[Work request] Your reply is to be the lines below, exactly as written, with images omitted.

- - -

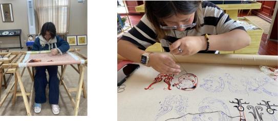 社会担当:赋能女性与文化传播“让年轻人爱上楚绣,让楚绣走向世界。” 李辰婷将技艺传承的目光投向教育领域。她在荆州开发区第一小学、岑农中学开设楚绣公益课堂,通过“纹样认知——基础针法——创意设计”三阶教学模式,培养青少年对手工刺绣的兴趣。截至目前,已累计开展课程百余场,覆盖学生超2000人次。
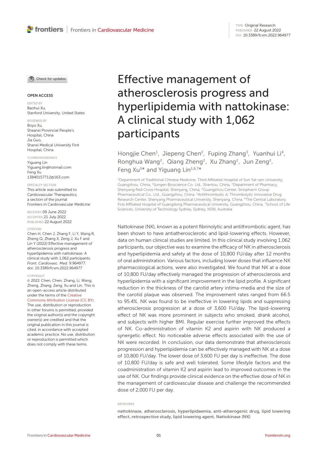 Chen H, Chen J, Zhang F, Li Y, Wang R,Zheng Q, Zhang X, Zeng J, Xu F and Lin Y (2022) Effective management of atherosclerosis progress and hyperlipidemia with nattokinase: A clinical study with 1,062 participants. Front. Cardiovasc. Med. 9:964977. doi: 10.3389/fcvm.2022.964977
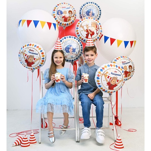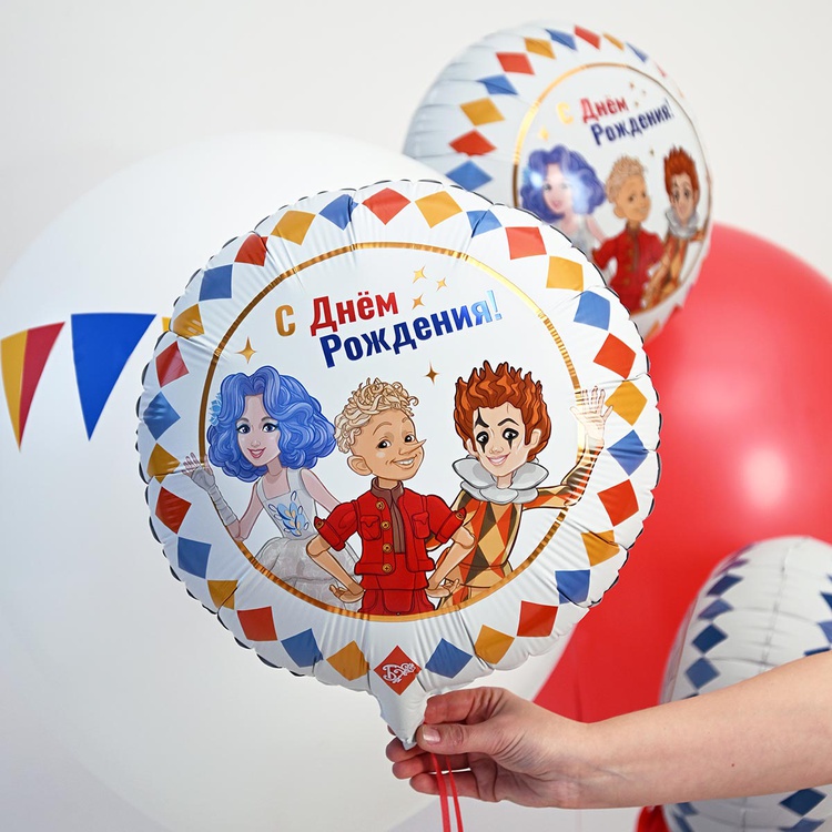 Воздушный фольгированный лицензионный шар с изображением Буратино, Арлекин и Мальвины и пожеланием «С днём рождения. Шар смотрится интересно как самостоятельно, так и в качестве дополнения к тематическому фонтану из воздушных шаров. Поставляется в ненадутом состоянии. Для того, чтобы шар летал, рекомендуем надувать его гелием. Для удобства работы шар снабжен самозакрывающимся клапаном. Надутый гелием шар летает от двух дней. Внимание! Цветовой оттенок шара в действительности может отличаться от представленного на фотографии в зависимости от настроек Вашего монитора. Размер шара: в ненадутом виде – 18’’/46см, в надутом виде – 13’’/32см.
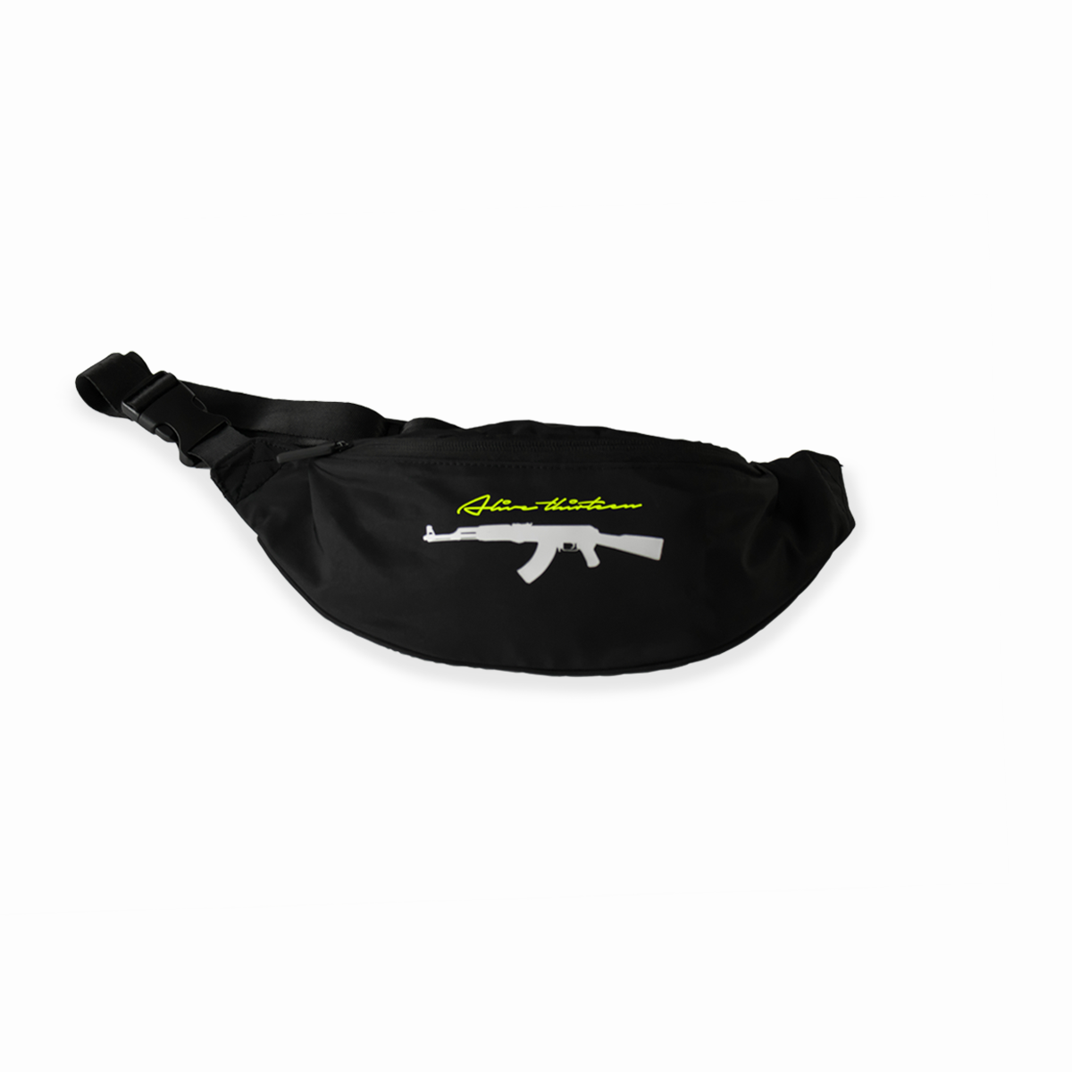 Alive thirteen AK47 Bauchtasche. Mit einem Alive thirteen Schriftzug in Neongelb und mit einem AK47 Design in Weiss unten drunter. Auf der anderen Seite am Reisverschluss ist die Tasche mit einem Alive thirteen Schriftzug in Weiss.
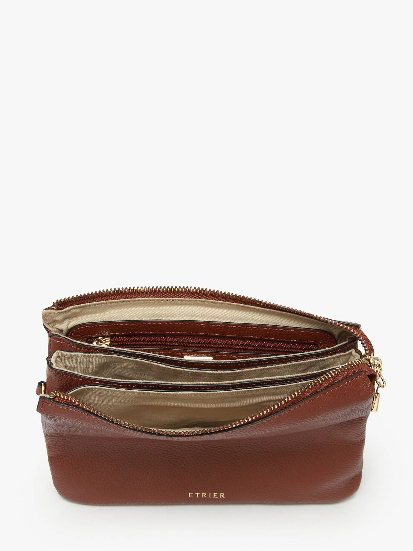 Dit veelzijdige crossbody tasje uit de Tradition collectie van Etrier kan je werkelijk met eender welke outfit combineren. Een dagje shoppen, een avondje uit of een formeler event: dit tasje is je perfecte compagnon! Gemaakt van soepel rundsleer met een gekorrelde textuur en afgewerkt met goudkleurige details voor een luxueus accent: de ideale combinatie! De tas ritst open, en onthult maar liefst drie gescheiden compartimenten, waar je jouw spulletjes overzichtelijk in kunt opbergen. Het lederen schouderriempje is verstelbaar, en kan gekruist of lang over de schouder gedragen worden.
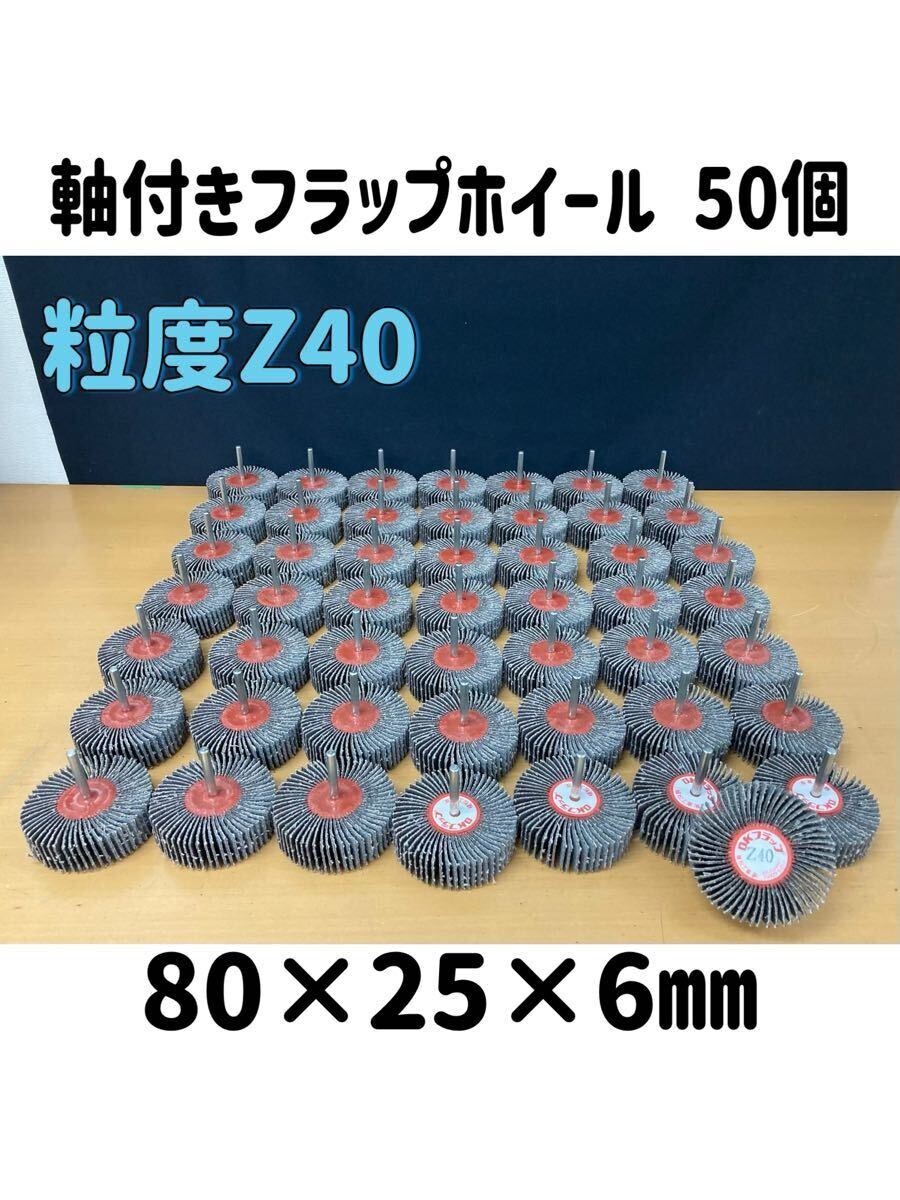 > 堀41) 軸付きフラップホイール 50個セット 粒度40番 80×25×6 Z40 フラップホイール OK グラインダー 研磨 研削 工具 (251008 台)
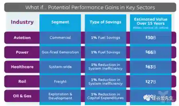 2012年,GE发布首份工业互联网白皮书,定义了工业互联网的核心要素:借数字化之手,链接工业生产最核心的设备、人与数据。在这份堪称工业互联网开山之作的白皮书中,GE提出了“the Power of 1%”的概念,阐述15年内减少任何一个核心行业1%损耗在全球工业带来的价值:航天领域300亿美金、能源天然气660亿美金、医疗健康中系统支持630亿美金……
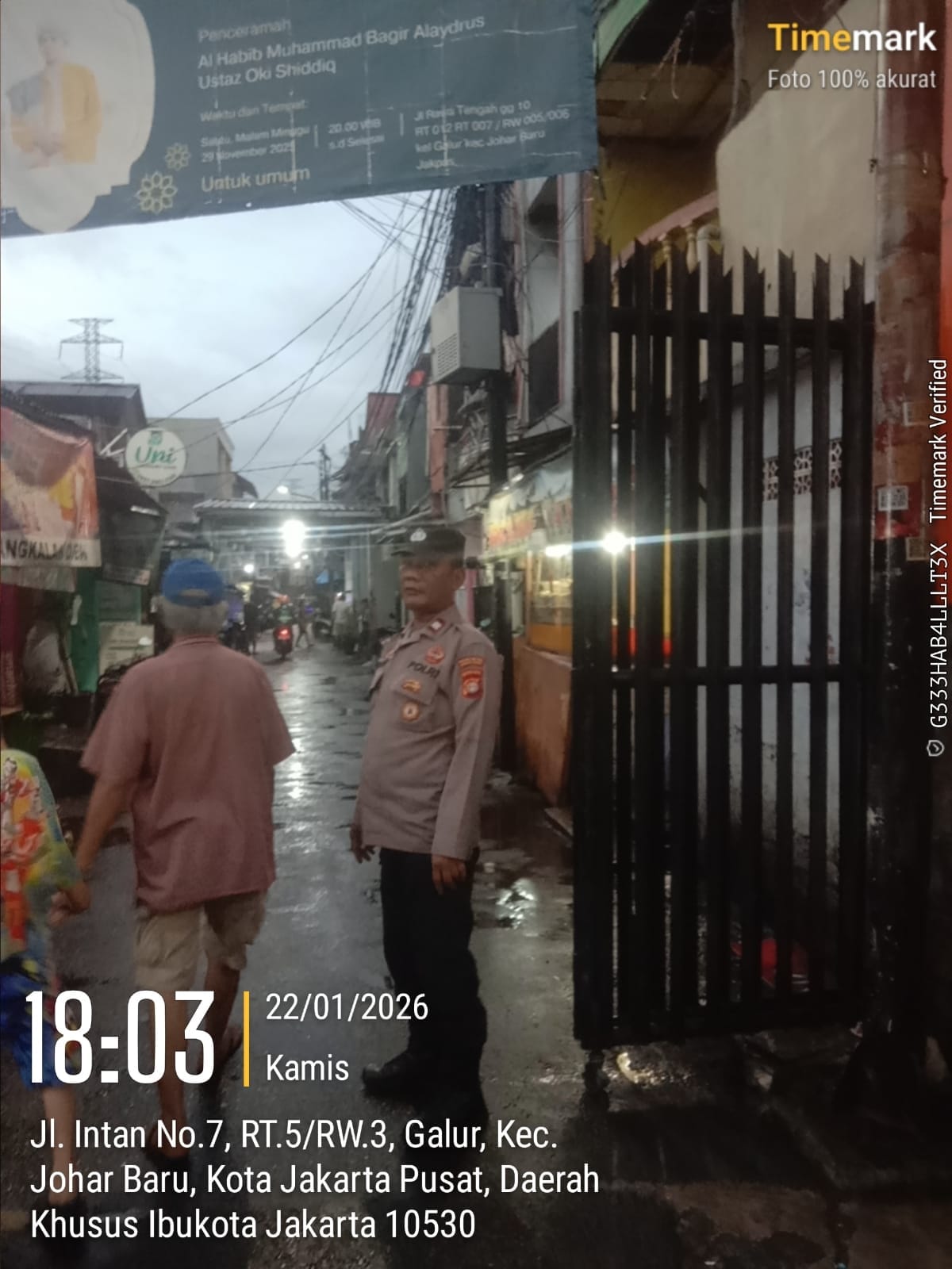 Jakarta Pusat — Jajaran Polsek Johar Baru terus meningkatkan kesiapsiagaan dalam menghadapi cuaca hujan guna memastikan keamanan dan kenyamanan masyarakat. Pada Kamis (22/1/2026) pukul 18.00 WIB, Kapolsubsektor Galur, Aiptu Zulfikar Hasibuan, melaksanakan monitoring situasi dan kondisi wilayah Kelurahan Galur, Kecamatan Johar Baru, Jakarta Pusat.
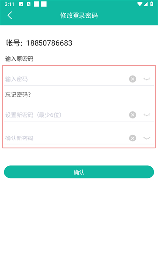 4、輸入原密碼、設(shè)置新密碼并確認(rèn)新密碼,完成后點(diǎn)擊確認(rèn)。
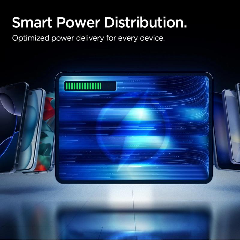Spigen Essential EA2210 erbjuder den perfekta kombinationen av kapacitet, snabbladdning och tunn portabilitet. Med Quantum Boost-teknik, en förstklassig aluminiumkonstruktion och dubbla snabbladdningsportar är den utformad för dem som behöver maximal prestanda i en kompakt, resevänlig storlek.
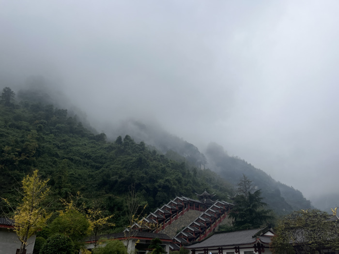 A landscape under heavy fog features a verdant, tree-covered hillside. A dark structure with tiered levels and a red railing ascends the slope, resembling a long staircase. The sky is uniformly grey, and low-hanging clouds obscure the upper reaches of the mountain. Some buildings are visible near the base of the mountain, partially obscured by trees. The lighting is soft and diffused.
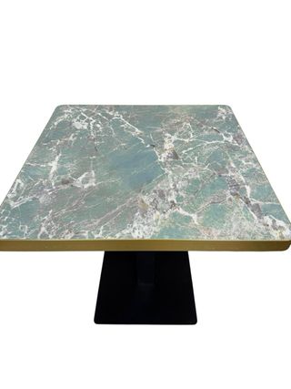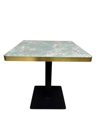Elegante mesa con superficie de piedra sintetizada que imita el mármol en tonos verde agua. Su diseño se complementa con un borde metálico en acabado dorado. - Tablero con efecto mármol verde agua. - Borde metálico dorado. - Tablero de 4cm - Base metálica negra, oro, negra y oro, plata.. En varias medidas.. Desde 120€ Todos nuestros precios son +IVA. Tenemos catalogo y un showroom ubicado en sabadell donde atendemos con cita previa. HACEMOS ENVIOS POR TODA ESPAÑA. palabras clave: sofá hosteleria, sofá restaurante, sofá discoteca, sofá a medida, hosteleria segunda mano, mobiliario segunda mano, mesas hosteleria
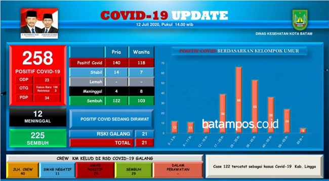 batampos.co.id – Tim Gugus Tugas Covid-19 Kota Batam kembali merilis penambahan pasien Covid-19 pada Minggu (12/7/2020).
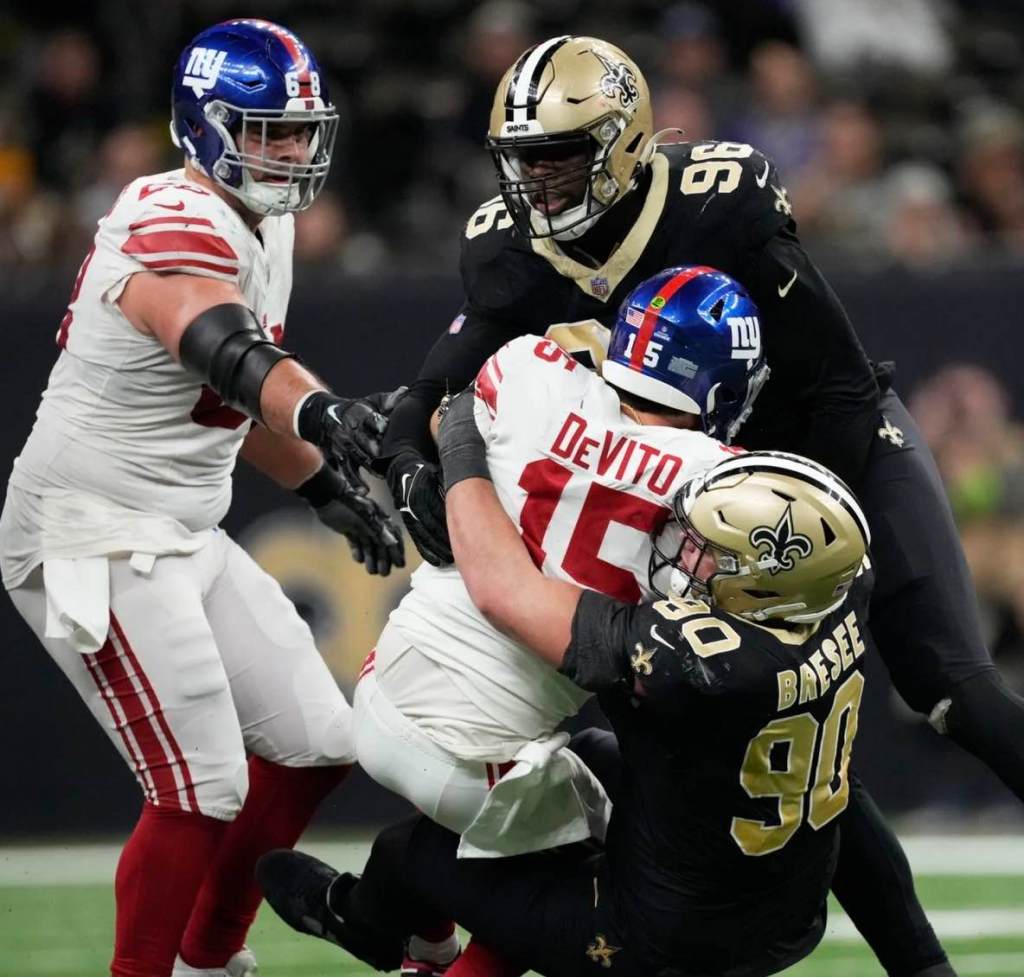 One week after the Giants did not allow any sacks for the first time this season, quarterback Tommy DeVito was sacked seven times and hit on nine other dropbacks.

- - -

[Written response]
 社会担当:赋能女性与文化传播“让年轻人爱上楚绣,让楚绣走向世界。” 李辰婷将技艺传承的目光投向教育领域。她在荆州开发区第一小学、岑农中学开设楚绣公益课堂,通过“纹样认知——基础针法——创意设计”三阶教学模式,培养青少年对手工刺绣的兴趣。截至目前,已累计开展课程百余场,覆盖学生超2000人次。
 Chen H, Chen J, Zhang F, Li Y, Wang R,Zheng Q, Zhang X, Zeng J, Xu F and Lin Y (2022) Effective management of atherosclerosis progress and hyperlipidemia with nattokinase: A clinical study with 1,062 participants. Front. Cardiovasc. Med. 9:964977. doi: 10.3389/fcvm.2022.964977
 Воздушный фольгированный лицензионный шар с изображением Буратино, Арлекин и Мальвины и пожеланием «С днём рождения. Шар смотрится интересно как самостоятельно, так и в качестве дополнения к тематическому фонтану из воздушных шаров. Поставляется в ненадутом состоянии. Для того, чтобы шар летал, рекомендуем надувать его гелием. Для удобства работы шар снабжен самозакрывающимся клапаном. Надутый гелием шар летает от двух дней. Внимание! Цветовой оттенок шара в действительности может отличаться от представленного на фотографии в зависимости от настроек Вашего монитора. Размер шара: в ненадутом виде – 18’’/46см, в надутом виде – 13’’/32см.
 Alive thirteen AK47 Bauchtasche. Mit einem Alive thirteen Schriftzug in Neongelb und mit einem AK47 Design in Weiss unten drunter. Auf der anderen Seite am Reisverschluss ist die Tasche mit einem Alive thirteen Schriftzug in Weiss.
 Dit veelzijdige crossbody tasje uit de Tradition collectie van Etrier kan je werkelijk met eender welke outfit combineren. Een dagje shoppen, een avondje uit of een formeler event: dit tasje is je perfecte compagnon! Gemaakt van soepel rundsleer met een gekorrelde textuur en afgewerkt met goudkleurige details voor een luxueus accent: de ideale combinatie! De tas ritst open, en onthult maar liefst drie gescheiden compartimenten, waar je jouw spulletjes overzichtelijk in kunt opbergen. Het lederen schouderriempje is verstelbaar, en kan gekruist of lang over de schouder gedragen worden.
 > 堀41) 軸付きフラップホイール 50個セット 粒度40番 80×25×6 Z40 フラップホイール OK グラインダー 研磨 研削 工具 (251008 台)
 2012年,GE发布首份工业互联网白皮书,定义了工业互联网的核心要素:借数字化之手,链接工业生产最核心的设备、人与数据。在这份堪称工业互联网开山之作的白皮书中,GE提出了“the Power of 1%”的概念,阐述15年内减少任何一个核心行业1%损耗在全球工业带来的价值:航天领域300亿美金、能源天然气660亿美金、医疗健康中系统支持630亿美金……
 Jakarta Pusat — Jajaran Polsek Johar Baru terus meningkatkan kesiapsiagaan dalam menghadapi cuaca hujan guna memastikan keamanan dan kenyamanan masyarakat. Pada Kamis (22/1/2026) pukul 18.00 WIB, Kapolsubsektor Galur, Aiptu Zulfikar Hasibuan, melaksanakan monitoring situasi dan kondisi wilayah Kelurahan Galur, Kecamatan Johar Baru, Jakarta Pusat.
 4、輸入原密碼、設(shè)置新密碼并確認(rèn)新密碼,完成后點(diǎn)擊確認(rèn)。
Spigen Essential EA2210 erbjuder den perfekta kombinationen av kapacitet, snabbladdning och tunn portabilitet. Med Quantum Boost-teknik, en förstklassig aluminiumkonstruktion och dubbla snabbladdningsportar är den utformad för dem som behöver maximal prestanda i en kompakt, resevänlig storlek.
 A landscape under heavy fog features a verdant, tree-covered hillside. A dark structure with tiered levels and a red railing ascends the slope, resembling a long staircase. The sky is uniformly grey, and low-hanging clouds obscure the upper reaches of the mountain. Some buildings are visible near the base of the mountain, partially obscured by trees. The lighting is soft and diffused.
Elegante mesa con superficie de piedra sintetizada que imita el mármol en tonos verde agua. Su diseño se complementa con un borde metálico en acabado dorado. - Tablero con efecto mármol verde agua. - Borde metálico dorado. - Tablero de 4cm - Base metálica negra, oro, negra y oro, plata.. En varias medidas.. Desde 120€ Todos nuestros precios son +IVA. Tenemos catalogo y un showroom ubicado en sabadell donde atendemos con cita previa. HACEMOS ENVIOS POR TODA ESPAÑA. palabras clave: sofá hosteleria, sofá restaurante, sofá discoteca, sofá a medida, hosteleria segunda mano, mobiliario segunda mano, mesas hosteleria
 batampos.co.id – Tim Gugus Tugas Covid-19 Kota Batam kembali merilis penambahan pasien Covid-19 pada Minggu (12/7/2020).
 One week after the Giants did not allow any sacks for the first time this season, quarterback Tommy DeVito was sacked seven times and hit on nine other dropbacks.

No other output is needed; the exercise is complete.